#### Exercise data
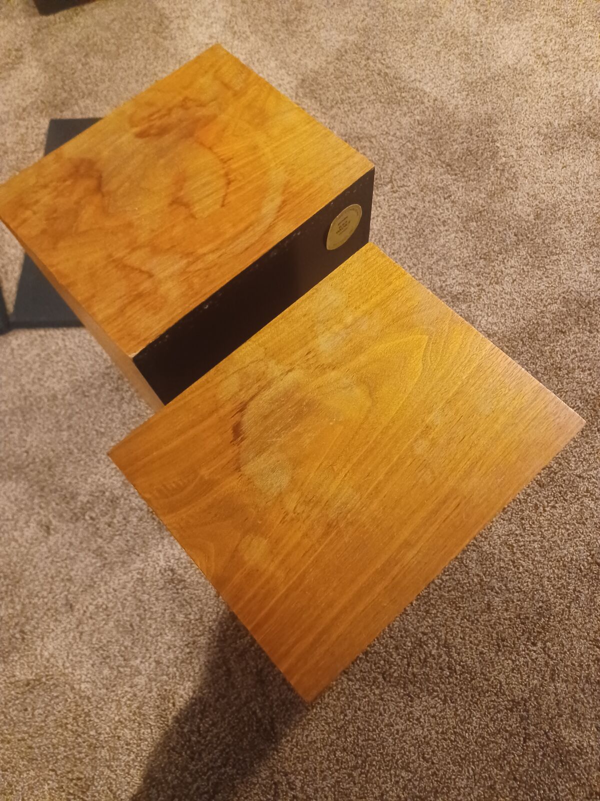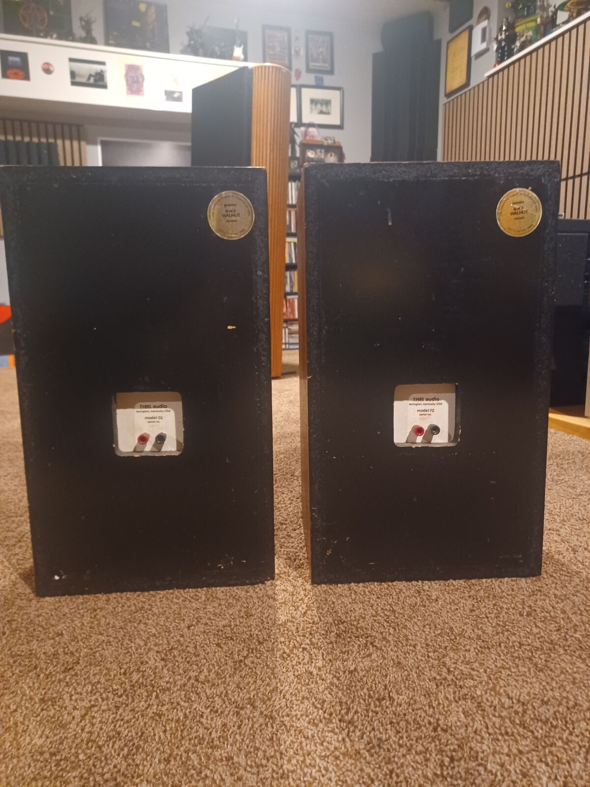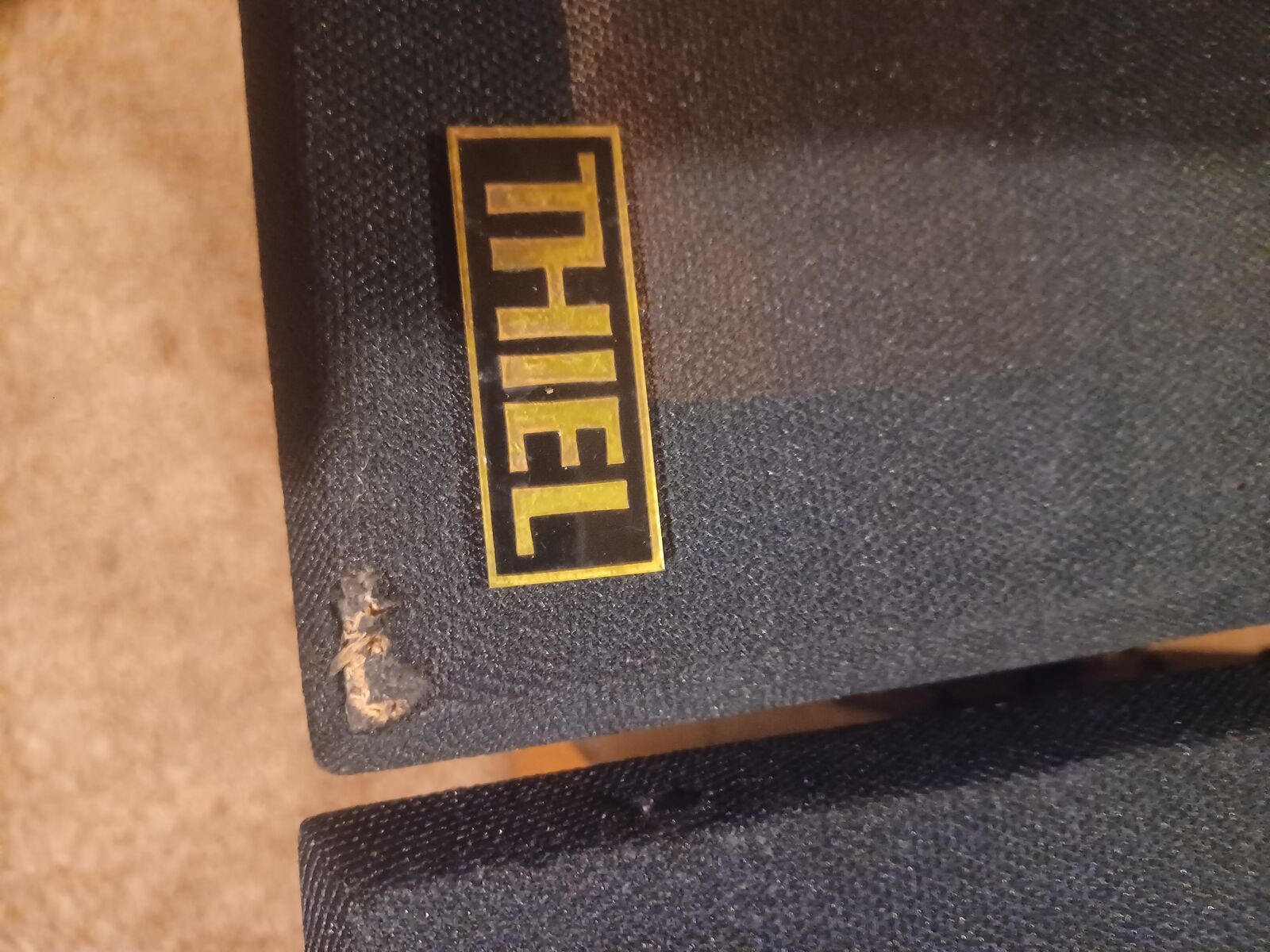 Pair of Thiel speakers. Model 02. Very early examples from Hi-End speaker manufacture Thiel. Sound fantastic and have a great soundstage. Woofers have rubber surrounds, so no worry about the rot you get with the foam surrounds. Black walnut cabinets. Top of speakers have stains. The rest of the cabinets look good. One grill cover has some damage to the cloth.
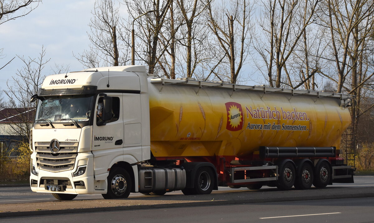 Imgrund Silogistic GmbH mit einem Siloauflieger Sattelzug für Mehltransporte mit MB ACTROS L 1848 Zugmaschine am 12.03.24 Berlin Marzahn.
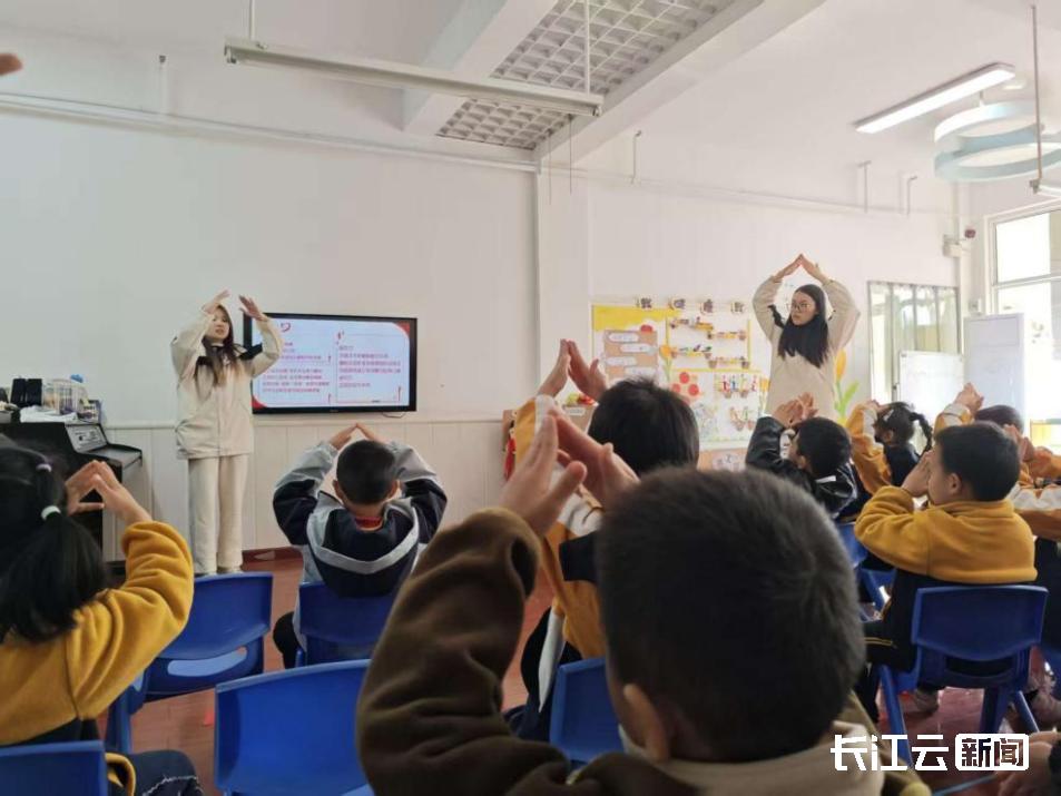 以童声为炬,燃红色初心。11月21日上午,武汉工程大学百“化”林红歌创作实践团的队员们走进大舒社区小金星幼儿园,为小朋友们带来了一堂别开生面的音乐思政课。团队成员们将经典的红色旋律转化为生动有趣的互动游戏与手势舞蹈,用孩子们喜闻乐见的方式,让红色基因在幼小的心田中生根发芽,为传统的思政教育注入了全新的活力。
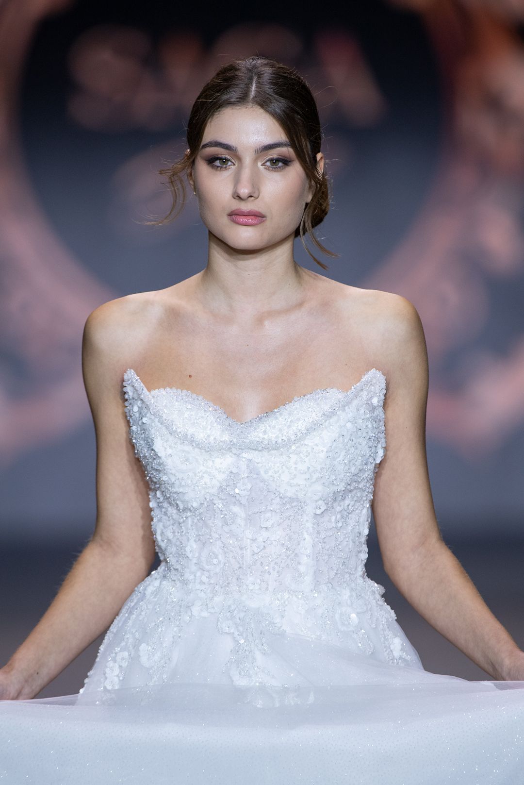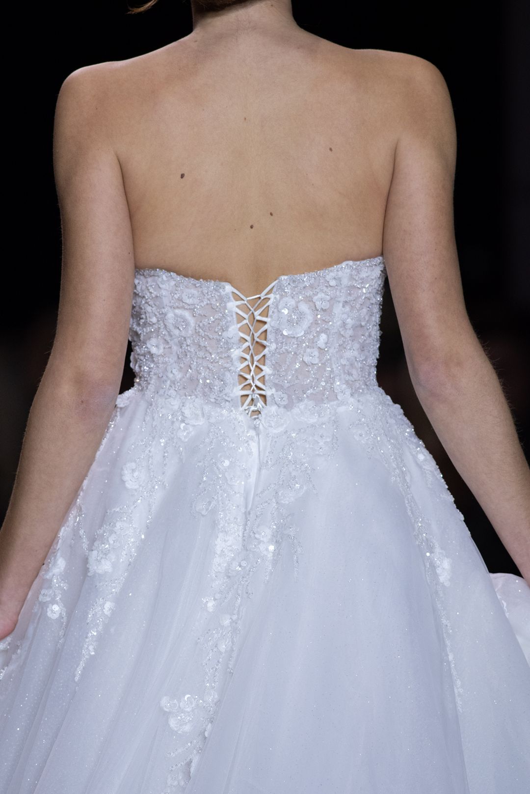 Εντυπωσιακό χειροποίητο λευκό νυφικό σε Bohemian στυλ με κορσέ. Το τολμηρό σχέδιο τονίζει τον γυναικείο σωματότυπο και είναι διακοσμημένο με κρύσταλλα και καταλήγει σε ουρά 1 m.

#### To do
Everything from the line containing "以童声为炬,燃红色初心。11" through the final line of the material must be set down exactly, except the pictures.

#### Exercise output
 以童声为炬,燃红色初心。11月21日上午,武汉工程大学百“化”林红歌创作实践团的队员们走进大舒社区小金星幼儿园,为小朋友们带来了一堂别开生面的音乐思政课。团队成员们将经典的红色旋律转化为生动有趣的互动游戏与手势舞蹈,用孩子们喜闻乐见的方式,让红色基因在幼小的心田中生根发芽,为传统的思政教育注入了全新的活力。
 Εντυπωσιακό χειροποίητο λευκό νυφικό σε Bohemian στυλ με κορσέ. Το τολμηρό σχέδιο τονίζει τον γυναικείο σωματότυπο και είναι διακοσμημένο με κρύσταλλα και καταλήγει σε ουρά 1 m.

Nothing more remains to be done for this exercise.